Note) * 1 Measured by the method of JIS K6221.

* 2 Measured by JIS K6221.

* 3 ΔD ₅₀ (Dst) is measured by the following method using a disc centrifuge (manufactured by Joyce Loebl, UK). That is, a carbon black is precisely weighed, a 20-volume aqueous ethanol solution and a surfactant are added, and the mixture is ultrasonically dispersed so that the carbon black concentration becomes 5 mg / 100 cc to prepare a sample solution. Next, at a rotation speed of the disk centrifuge of 8000 rpm, 0.5 mm of the sample solution was injected into 10 ml of a spinning solution composed of distilled water, and centrifugal sedimentation was started all at once. , The half-width ΔD ₅₀ (Ds
t).

Table 3 shows that the carbon blacks of the present invention (CB-3, CB-
It can be seen that the use of 4) improves the rebound resilience without lowering the wet skid resistance and wear resistance.

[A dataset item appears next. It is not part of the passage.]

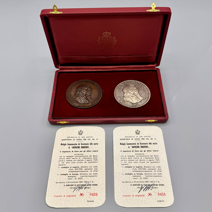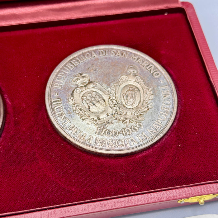 Medaglie commemorative Bicentenario Napoleone Bonaparte San Marino bronzo argento 1969

Next, rolling resistance was tested on 145SR12 size tires using the rubber compositions of Comparative Example 2 and Example 3 as tread rubbers, respectively. The results are shown in Table 4 below as indices. In this case, the rolling resistance test was performed with a tire pressure of 1.7 kg /
It was measured at a speed of 60 km / h on a steel dorm with a diameter of 1707 mm in cm ² .

Table 4 shows that the rubber composition of the present invention (Example 3) has low rolling resistance.

As described above, by combining the above-mentioned specific carbon black with the modified SBR / NR blend system, the tread compound with particularly improved rolling resistance performance while maintaining wet performance, low temperature performance and abrasion resistance at a high level Can be obtained.

〔The invention's effect〕

As described above, according to the present invention, by using SBR having a high interaction with carbon black as a polymer and using a combination of highly active carbon black, excellent fuel economy and wear resistance Thus, a rubber composition suitable for treads of pneumatic tires for all seasons, which simultaneously satisfies braking performance on wet road surfaces and snow / ice road surfaces, can be obtained.

Claims (1)

(57) [Claims] (1) 20 to 80 parts by weight of natural rubber and / or polyisoprene rubber, and the amount of bound styrene is 10 to 30% by weight.
Wherein the butadiene moiety has a 1,2-vinyl bond content of 10 to 80%
Containing 80 to 20 parts by weight of a styrene-butadiene copolymer rubber, and a total of 100 parts by weight of the rubber component, and the styrene-butadiene copolymer rubber has the following formula in a molecular chain terminal or in a molecular chain: (2) As reinforcing agents, IA = 60 to 70, N ₂ SA / IA = 1.22 to
1. A rubber composition for a tread, comprising 30 to 80 parts by weight of carbon black having a ΔD ₅₀ (Dst) of 70 to 130 mμ per 100 parts by weight of a raw rubber.